We have shown above that
(Σ f ꞉ (ℕ∞ → ℕ) , continuous f)
≃ (Σ g ꞉ (ℕ → ℕ) , eventually-constant g).
It doesn't follow from general reasons that
(Σ f ꞉ (ℕ∞ → ℕ) , ∥ continuous f ∥ )
≃ (Σ g ꞉ (ℕ → ℕ) , ∥ eventually-constant g ∥).
In fact, for example, we have that 𝟚 × 𝟛 ≃ 𝟛 × 𝟚, but we don't have
that 𝟚 × ∥ 𝟛 ∥ ≃ 𝟛 × ∥ 𝟚 ∥, because ∥ 𝟛 ∥ ≃ 𝟙 ≃ ∥ 𝟚 ∥ and certainly it
isn't the case that 𝟚 × 𝟙 ≃ 𝟛 × 𝟙.
Nevertheless, although the above doesn't follow from the previous
result from general reasons, it does hold:
\begin{code}
open continuity-criteria pt
characterization-of-type-of-continuous-functions-≃'
: (Σ f ꞉ (ℕ∞ → ℕ) , is-continuous f)
≃ (Σ g ꞉ (ℕ → ℕ) , is-eventually-constant g)

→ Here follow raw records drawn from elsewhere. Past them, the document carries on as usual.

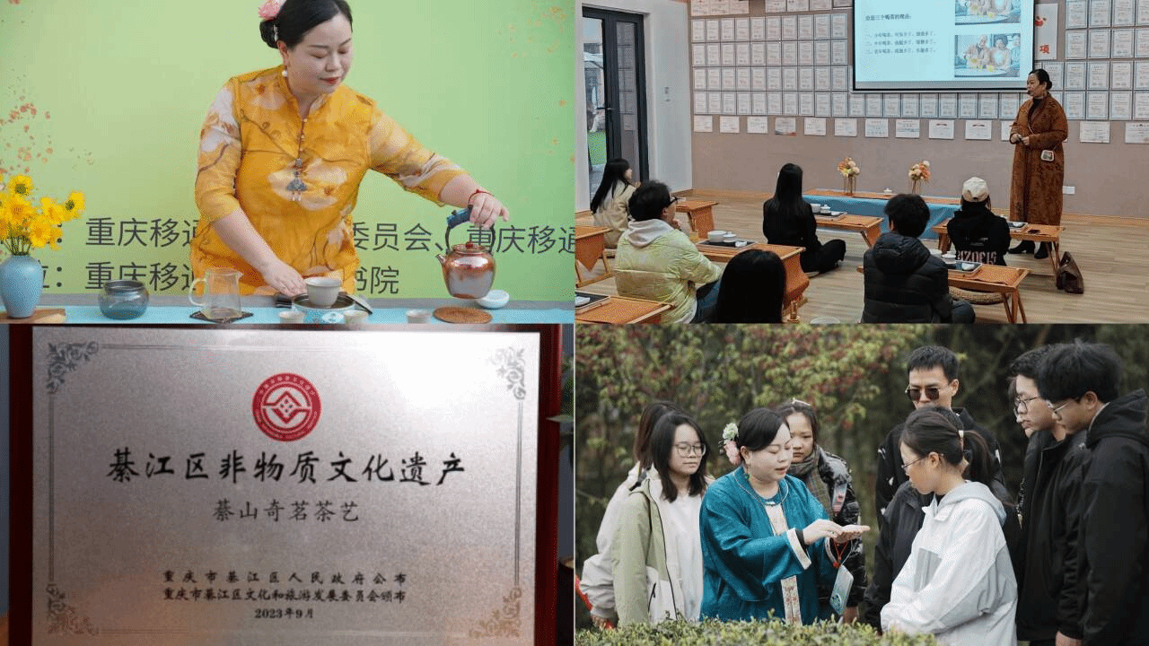 綦山奇茗茶艺,于2023年9月入选重庆市綦江区第六批区级非物质文化遗产代表性项目。传承人徐露在传承祖传茶艺的基础上,结合綦江实际,充分利用綦江老茶树资源,推陈出新,创新煮茶、泡茶技法,形成了独特的綦江徐氏茶艺新技术。
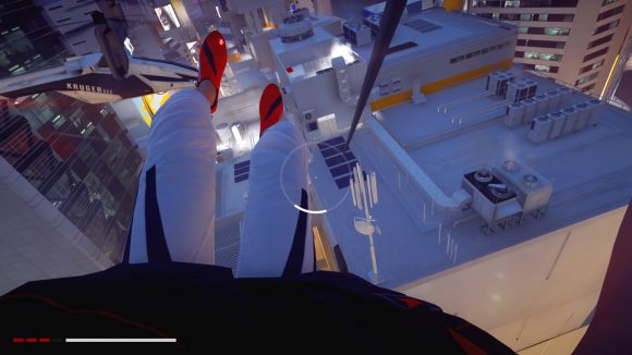 Ich mag es kaum glauben. Prophezeite ich vor einem guten Jahr noch, dass das zweite Mirror’s Edge bestimmt einiges von dem über Bord werfen werde, was den Fans gefiel, mich aber nervte, so sehe ich mich schon zu Beginn des Spiel mit genau den Problemen konfrontiert, die mich beim Vorgänger den Controller an die Wand pfeffern ließen. Ständig schmiere ich irgendwo ab und knalle auf’s Pflaster, ich habe nie das Gefühl Herr der Lage zu sein, sondern breche mir einen ab bei dem Versuch, flott durch die Stylowelt zu manövrieren. Ich bin locker zehn Mal gestorben, bevor ich das Tutorial verlassen habe. Wäre ich ein professioneller Spielejournalist (hah!) müsste ich jetzt die Zähne zusammenbeißen und durchziehen. Zum Glück bin ich jedoch Hobbyist und Knalloballoblogger (hah!), sodass ich einfach abkneifen und irgendeine Intellektuellensauce in Netz schmieren könnte. Doch die Gam0rehre lässt es nicht zu. Mit einer Blende auf die Schickimickikulisse der Stadt, gekrönt vom Mirror’s-Edge-Logo, endet das Tutorial und meine wahre Prüfung beginnt.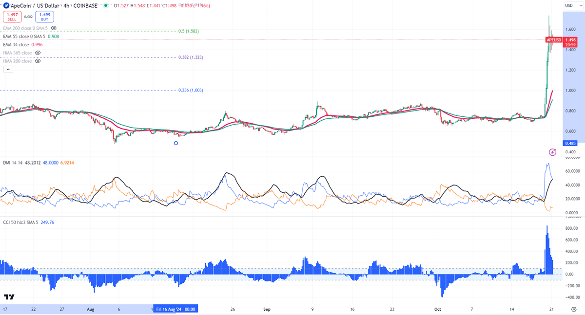 APEUSD has surged over 140% in the past three days, as the recent bridge launch positively impacted the trading pair. It currently stands well above both the short-term (34 and 55 EMA) and long-term moving averages, reaching a high of $1.732 and trading around $1.47.

characterization-of-type-of-continuous-functions-≃'
= ϕ , ϕ-is-equiv
where
ϕ : (Σ f ꞉ (ℕ∞ → ℕ) , is-continuous f)
→ (Σ g ꞉ (ℕ → ℕ), is-eventually-constant g)
ϕ (f , f-cts) =
restriction f ,
restriction-of-continuous-function-is-eventually-constant f f-cts
γ : (Σ g ꞉ (ℕ → ℕ), is-eventually-constant g)

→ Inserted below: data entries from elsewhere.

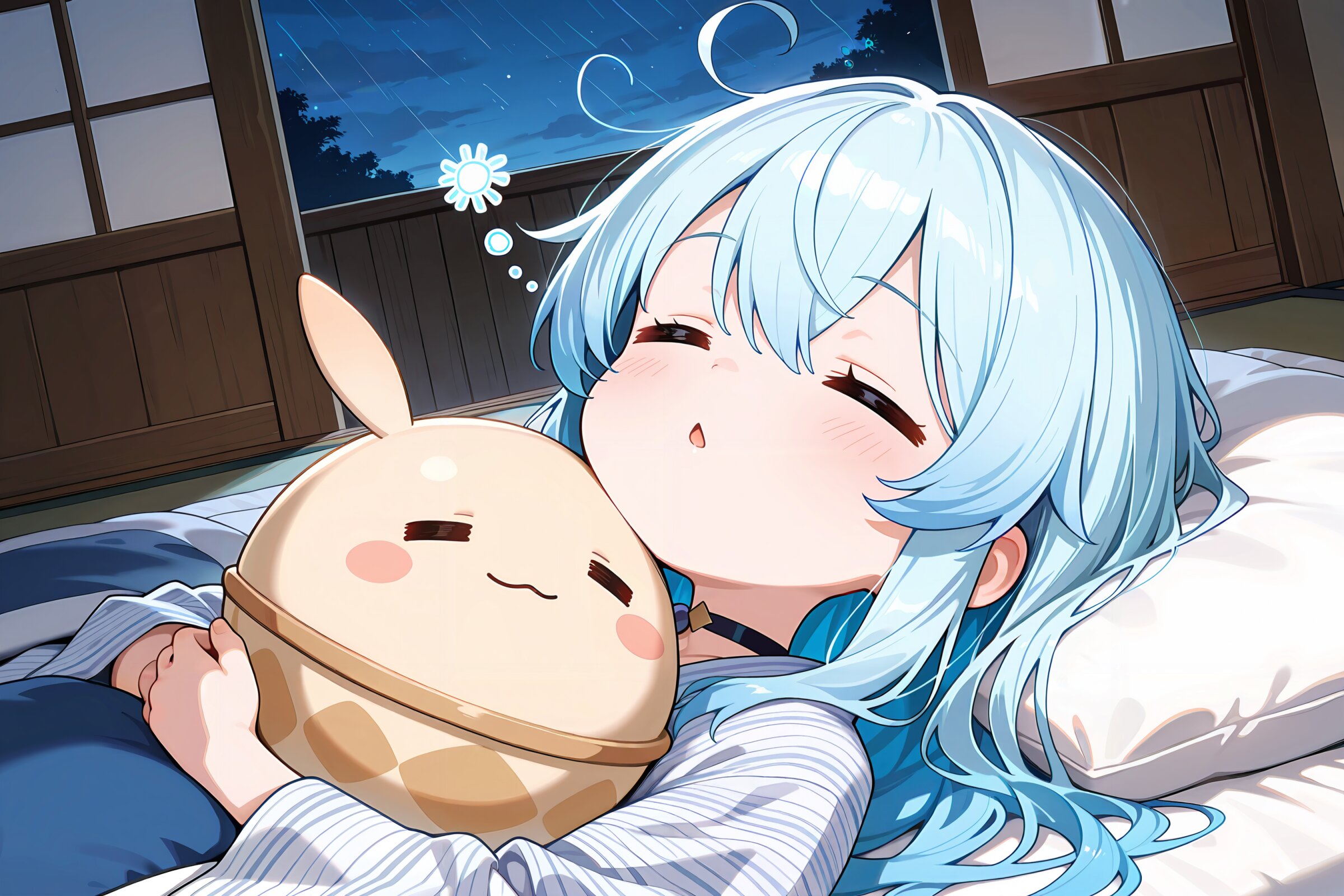 1 little girl, solo, upper body, diagonal angle, masterpiece, best quality, amazing quality, very aesthetic, sky blue hair, long hair, closed eyes, =_=, chestnut mouth, smile, cheerful, relaxing, Squeans, spoken Squeans, choker, yukata, lying, sleeping, holding humpty dumpty, =_=, futon, rainy sound,
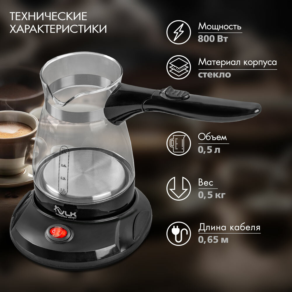 Кофеварка электрическая / турка для кофе VLK VENICE-6006, 800 Вт, защита от перегрева, 0,5 л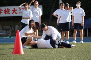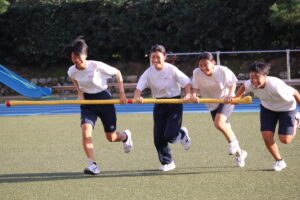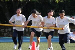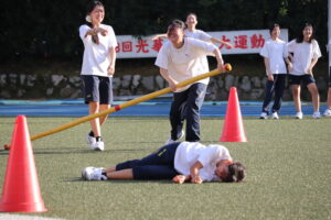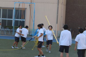 はじめは大繩跳び、続いてはバンブージャンプ(本校では「瀬戸の渦潮」)、そしてリレー、
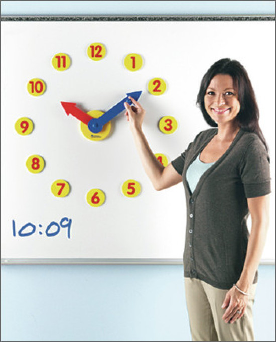 Lernuhr mit magnetischem Zeigerwerk (Minutenzeiger ca. 33 cm lang, 12 Magnetzahlen Ø 7,5 cm). Uhrzeiten an der Tafel zeigen!

→ (Σ f ꞉ (ℕ∞ → ℕ) , is-continuous f)
γ (g , g-evc) = evc-extension g c , ∣ evc-extension-continuity g c ∣
where
c : eventual-constancy-data g
c = evc-data g g-evc
γϕ : γ ∘ ϕ ∼ id
γϕ (f , f-cts) = to-subtype-=
(λ _ → ∃-is-prop)
(dfunext fe I)
where
c : eventual-constancy-data (restriction f)
c = evc-data
(restriction f)
(restriction-of-continuous-function-is-eventually-constant f f-cts)
d : continuity-data f
d = cty-data f f-cts
I : evc-extension (restriction f) c ∼ f
I = evc-extension-restriction f d c
ϕγ : ϕ ∘ γ ∼ id
ϕγ (g , g-evc) = to-subtype-=
(λ _ → ∃-is-prop)
(dfunext fe I)
where
c : eventual-constancy-data g
c = evc-data g g-evc
I : restriction (evc-extension g c) ∼ g
I = evc-extension-property g c
ϕ-is-equiv : is-equiv ϕ
ϕ-is-equiv = qinvs-are-equivs ϕ (γ , γϕ , ϕγ)
\end{code}
Added 20th September 2024.
I think that, in retrospect, it would have been a better idea to work
with minimal moduli of continuity and eventual constancy. In this way,
we never need to use propositional truncations, because the explicit
existence of minimal moduli, of continuity or eventual constancy, is
property rather than data (or property-like data, if you wish).
One possible idea is to do both, but instead take the primary
definitions of `is-continuous` and of `is-eventually-constant` using
minimality rather than propositional truncation, and then show that the
definitions using minimality are (logically and typally) equivalent.